Friday, April 29, 2011

Get Your Overpriced Ephemeral Merchandise Here!

Some of you probably noticed that there was a huge television extravaganza on recently with some royalty involved. Yes, the first round of the NFL Draft was last night, and boy howdy was it a party. I know, I know, you probably thought I was talking about some other royal TV... thing, but come on, we fought pretty damn hard to free ourselves from the yoke of these imperial oppressors, no matter how fabulous their sense of humor might be.

The brilliant, and not at all crazy, Jack Edwards knows exactly what I'm talking about.

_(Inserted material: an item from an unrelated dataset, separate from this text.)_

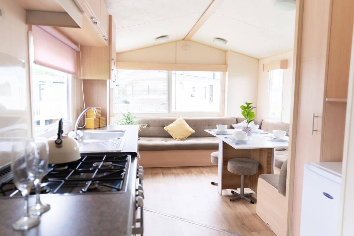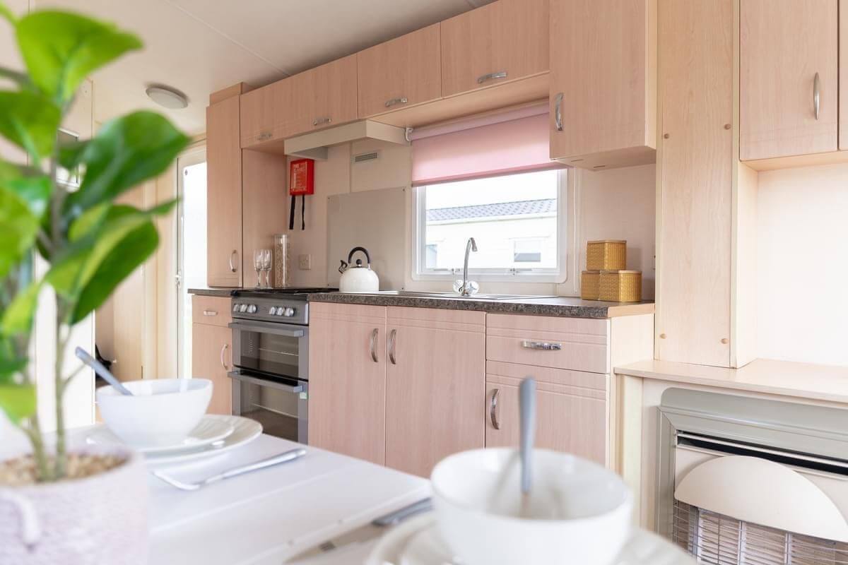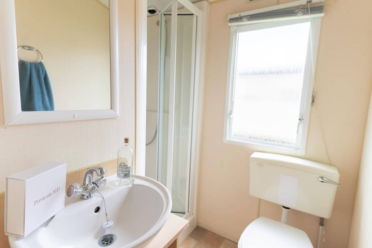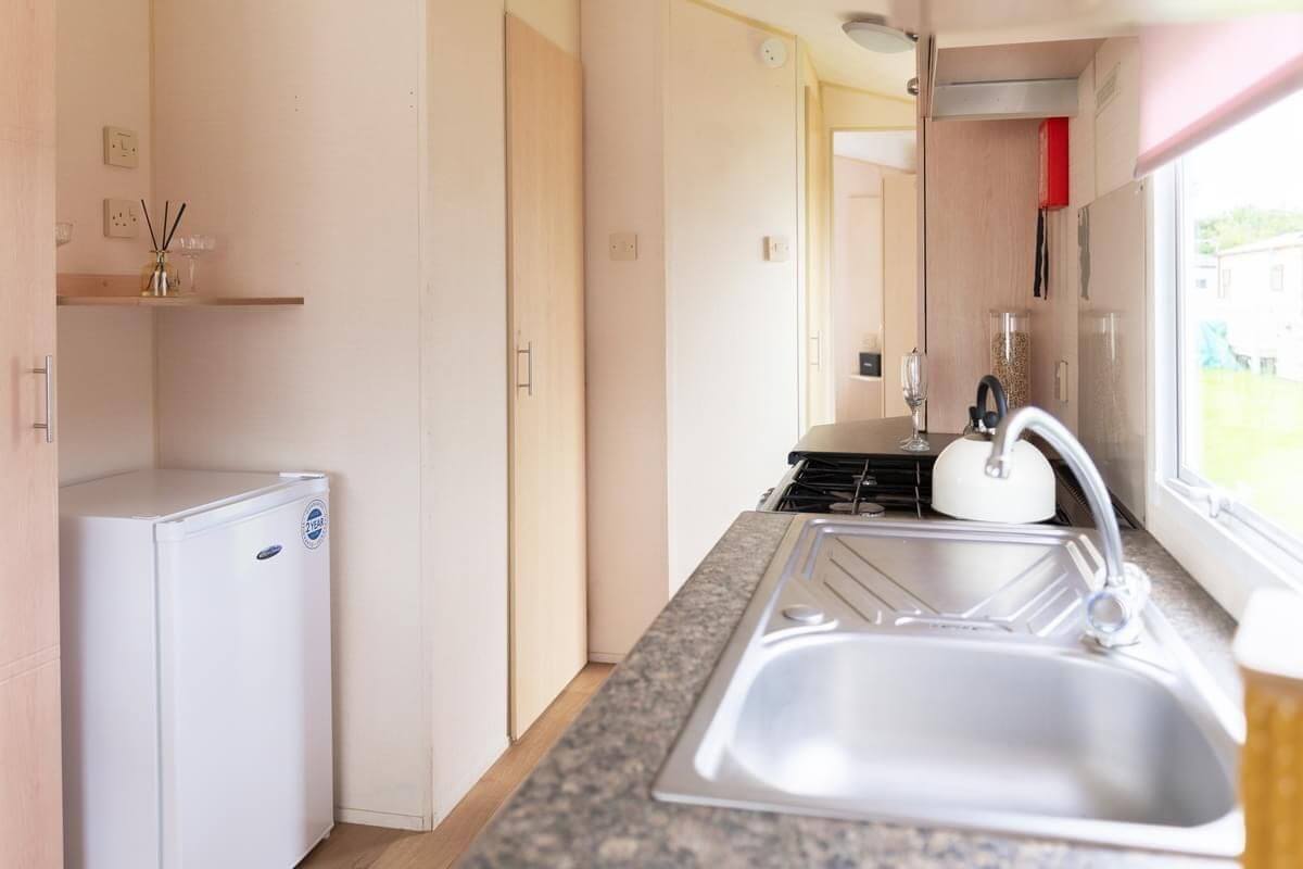 The galley kitchen also has everything you’ll need for self catering with a cooker, separate fridge and freezer, kettle and plenty of space to store your cutlery and tableware. This is all located in the open plan living space where you’ll also find your dining area and lounge which is the perfect space to hangout and plan the many adventures you are going to have whilst staying in the North Wales region.

So no, the royal wedding in the wee hours of this morning was not the exciting TV event I was talking about, although I really did enjoy when NBC's camera lingered over Australian Prime Minister Julia Gillard and Matt Lauer and Meredith Viera clearly had no idea who she was. Come on, people? Even Dust and Sand knows who she is. Frankly, I think it's awfully nice of her to even bother making the trip to the wedding considering all of Australia was probably emotionally spent from Geelong's stunning win over Hawthorn earlier this week. Of course, the Cats have done that before.

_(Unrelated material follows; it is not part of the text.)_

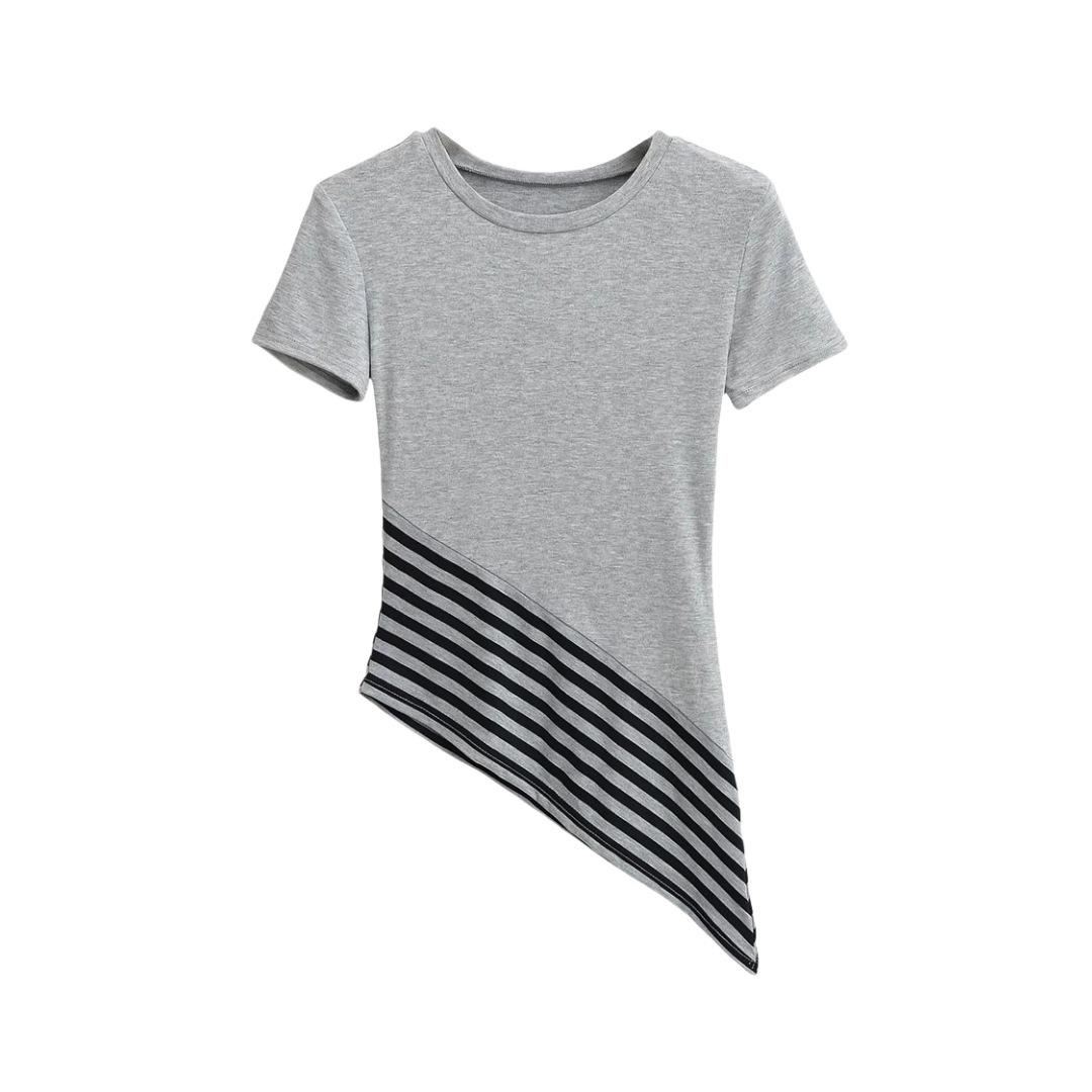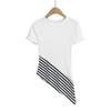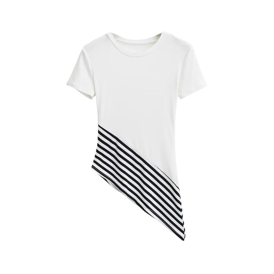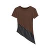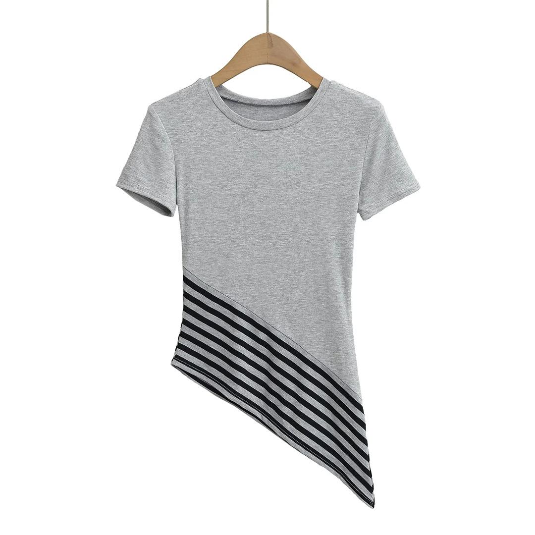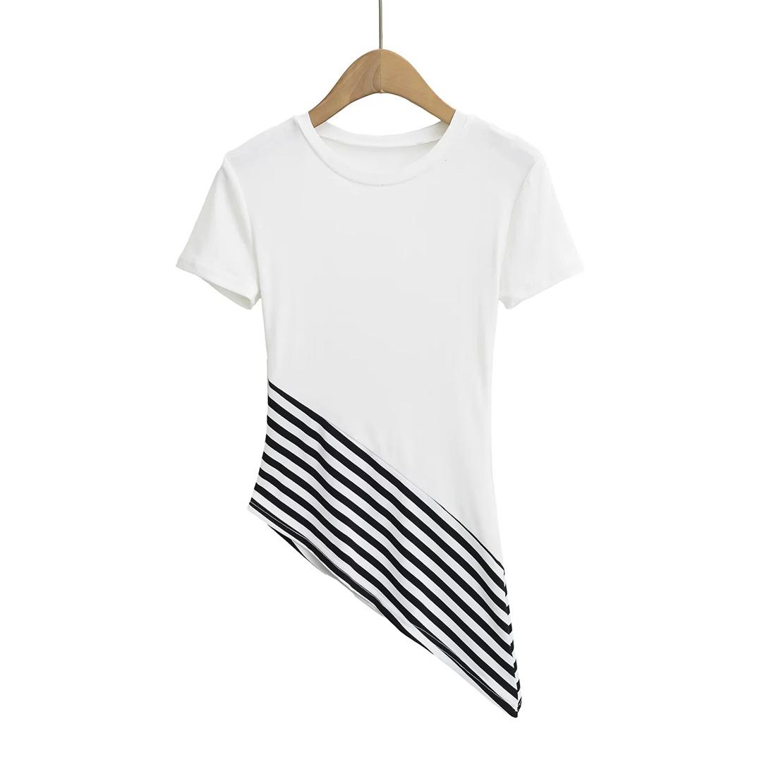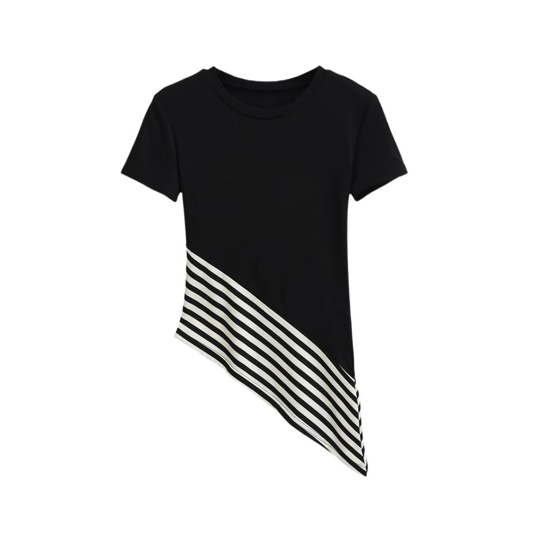 Playera de Manga Corta con Cuello Redondo y Color en Contraste para Mujer, Diseño Nicho Europeo y Americano, Combinación de Colores a Rayas Irregulares, Top Ajustado

But I digress. The draft. The Giants had the 19th pick in the NFL's annual selection gala, and chose to use it on Prince Amukamara, so named because he was the first son of a Nigerian chief, and if you don't think this qualifies him as royalty, you should check out the names of his sisters. Interestingly, he's not the first Giant draftee to be a sort of African royalty, although he grew up in Arizona, but what struck me most about the evening, aside from the fact that many Giants fans weren't sure we needed another defensive back (Ed: You can never have enough defensive backs), was that within moments I got an e-mail from the Giants offering me the exclusive opportunity to purchase what might just be the most useless piece of merchandise I've ever seen from a sports team.

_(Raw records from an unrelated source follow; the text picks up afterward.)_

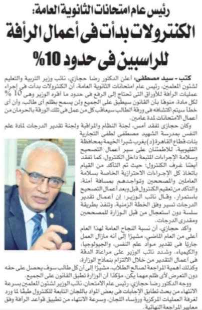 رئيس امتحانات الثانوية 2020 الكنترولات بدأت في أعمال الرأفة للراسبين في حدود 10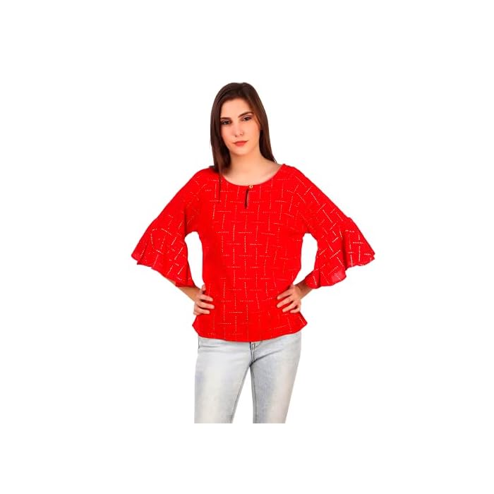 HARVIPOP Half Sleeve RED Top Embellished Bell Sleeves
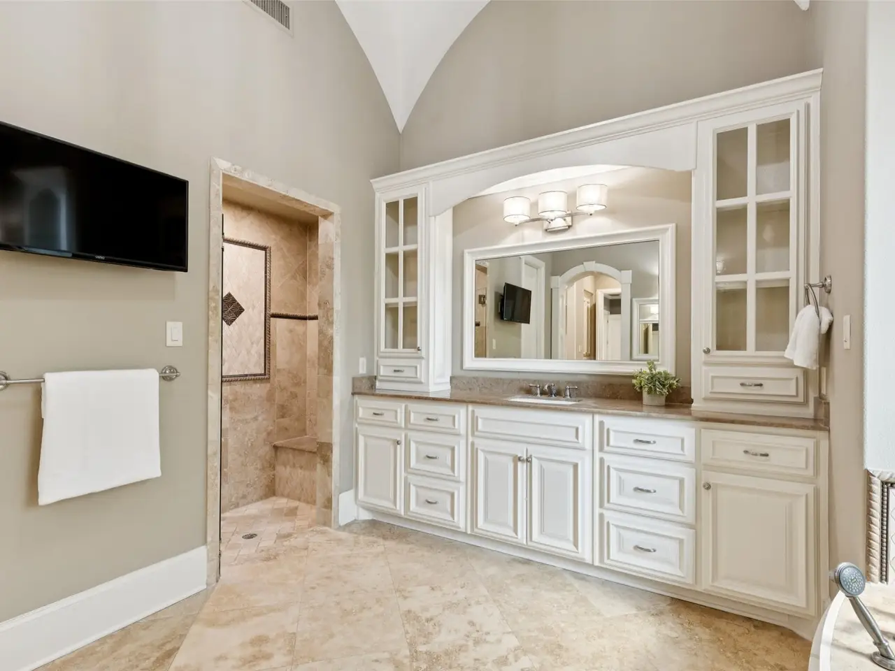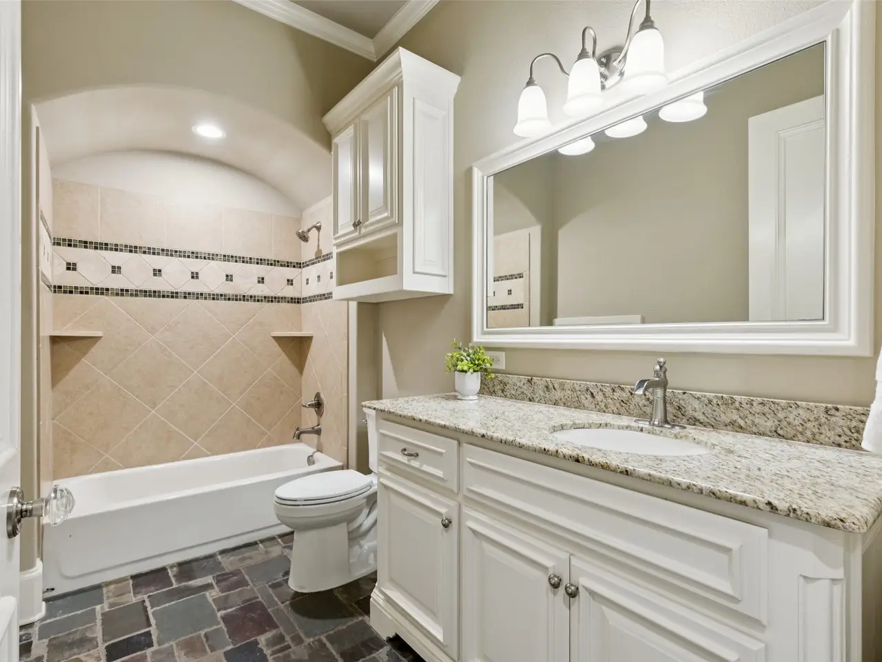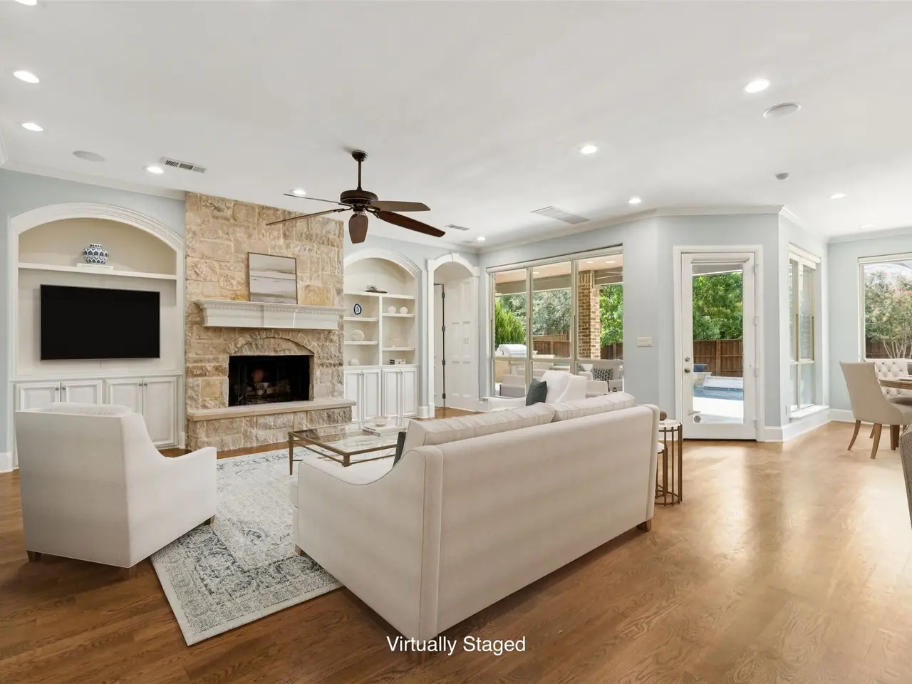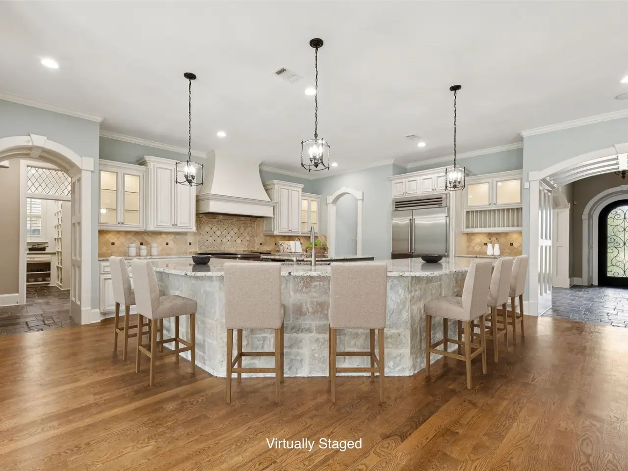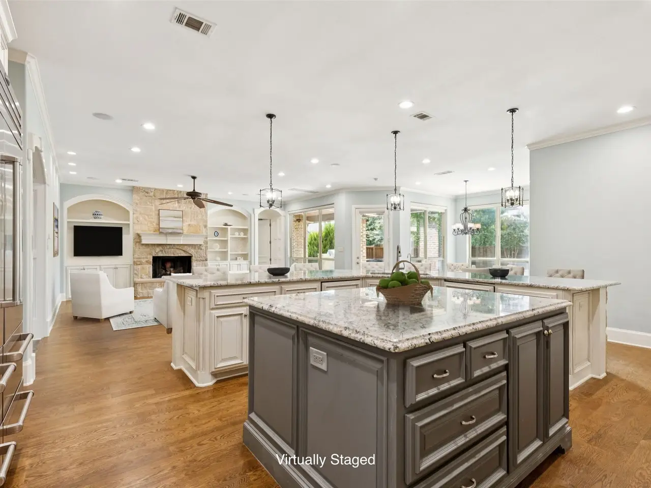Beautifully designed with remarkable attention to detail, this Castle Hills home offers over 5,300 square feet of living space on a landscaped 0.325-acre lot. The flexible floor plan includes five bedrooms plus a private office, elegant dining areas, a spacious game room, and a fully equipped media room. The gourmet kitchen is the centerpiece of the home with built-in refrigerator, commercial-grade range, double ovens, expansive island, and walk-in pantry. It flows seamlessly into the family room with stone fireplace and views of the backyard. The primary suite on the main level is a private retreat featuring dual vanities, soaking tub, separate shower, and a generous walk-in closets with secondary washer and dryer connections. Highlights include hardwood and stone floors, wainscoting, decorative lighting, granite counters, multiple staircases, and a 3-car garage with alley access. Smart wiring, built-ins, and abundant storage add to the homes functionality. Outdoor living is exceptional with a sparkling pool, outdoor shower, covered patio, built-in grill, and full outdoor living centerperfect for entertaining or relaxing. The landscaped yard offers privacy and plenty of space to enjoy year-round. Located in the desirable Castle Hills community, residents enjoy access to walking trails, lakes, parks, golf, tennis, and a vibrant town center with shops and dining. Zoned to Lewisville ISD schools, this property combines luxury, comfort, and convenience in one of North Texas premier neighborhoods.

You see, at least draft hats and the like can still be worn easily. The Giants are probably never changing their logo. But this was advertised to me as a "Prince Amukamara draft jersey". I understand this is a business and that sports teams need to make money where they can, but this just seems over the top. To buy this jersey would be a painfully silly purchase. And there are more than a few reasons why.

Saturday, April 23, 2011

Holy Crap What A Goal

Ok, so I am chided by friends for my love of hockey on a fairly regular basis. I know that in most cases this is purely a good-natured ribbing, but the overarching theme seems to be that hockey is a niche sport or that it's boring. Well with the playoffs underway for about 10 days now, it's been pretty damn exciting -- even more exciting than the fact that Ike Davis hit home runs on consecutive nights during passover.

Of the eight first-round series that have happened, only one of them has been resolved as of this morning, in a sweep as it were, but the other seven series have each been taught battles. Overtime -- and multiple-overtime games have abounded, both Washington and San Jose have completed amazing comebacks for the ages, Boston has rallied with two wins on the road to tie a series that looked lost, Buffalo is on the verge of upsetting Philadelphia -- a team tabbed by some to win it all -- after last night's thrilling road overtime win, the Blackhawks have suddenly sprung to life and are making life nervous for the No. 1 overall-seeded Canucks after a big win in Vancouver, and Nashville and Anaheim happen to be caught up in a spectacular series that just about no one is talking about.

Compare this with the NBA, and while I do rather like the NBA, most of my friends who mock my love for hockey do so in deference to hoops. And this year the excitement is no comparison. Sure, the NBA has had its exciting games -- Game 1 between Memphis and San Antonio comes to mind -- but three of four series in the Eastern Conference alone are one game away from being sweeps.


But this is not meant to antagonize or come off as pompous. I like the NBA. But after hearing from dozens (yeah, dozens) that hockey is boring, I can't help but point their collective attention to the absolutely bonkers goal that was scored by Bobby Ryan in last night's Game 5 between Anaheim and Nashville.

Thursday, April 21, 2011

Oh This Won't Be Depressing At All

Yes, fair readers, I know it's been a while since I've posted here and that surely you're all very upset at me for it. I apologize. It's been a busy week you see. A number of important and wild, crazy things have happened, such as the Knicks losing not one, but two soul-crushing playoff games in their first postseason appearance in seven years, some wild comebacks in the opening round of the Stanley Cup Playoffs, and the NFL's 2011 schedule release, an event that has left me wondering if my two designated road games this season will actually be feasible given that they're in back-to-back weeks.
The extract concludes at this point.